The “problem of our times” is also the “opportunity of our times” as leaders. The more volatile the times, the more leaders can more quickly make a difference. Like Theodore Roosevelt, who chose to address and alter the problems of his day, great leaders step up.
Postmodern times need leaders like Jesus, who—“When he saw the crowds, he had compassion on them, because they were harassed and helpless, like sheep without a shepherd” (Matthew 9:36). Our turbulent times need what might be called “shepherd leaders.”
Shepherd leaders know all their sheep—their abilities, their needs, their unique challenges. Shepherd leaders know their environment and the threats within it.
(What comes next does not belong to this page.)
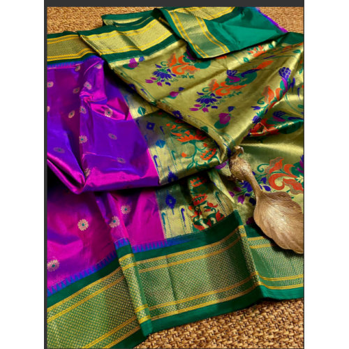 Product type: A perfect handloom Narayan pet pattu sarees all over Zari woven Meena Motti pattern with Kanchi temple borders.

They know where they’re going and why, and they know what their sheep need to do to be productive and successful.
Perhaps this analogy tends to break down, for not all followers are like sheep, nor are followers simply passive and leaders the absolute masters of their flocks. But there are still principles to glean.
Our postmodern times have deeply unsettled our culture, our country, and our colleagues, friends, and neighbors. Leaders with genuine Christian faith and hope, leaders who genuinely care about others, and leaders who genuinely give of themselves can bless their organizations and their communities with moral imagination, courage, and clarity. These leaders do not depend upon religion but upon a relationship with Christ. These leaders are compassionate, visionary, energetic, and true. They know that their confidence and their competence come from the Lord. These leaders trust Christ and are therefore able to be trustworthy. They believe in truth, so they speak truthfully. These leaders step up to the challenges and opportunities of turbulent times.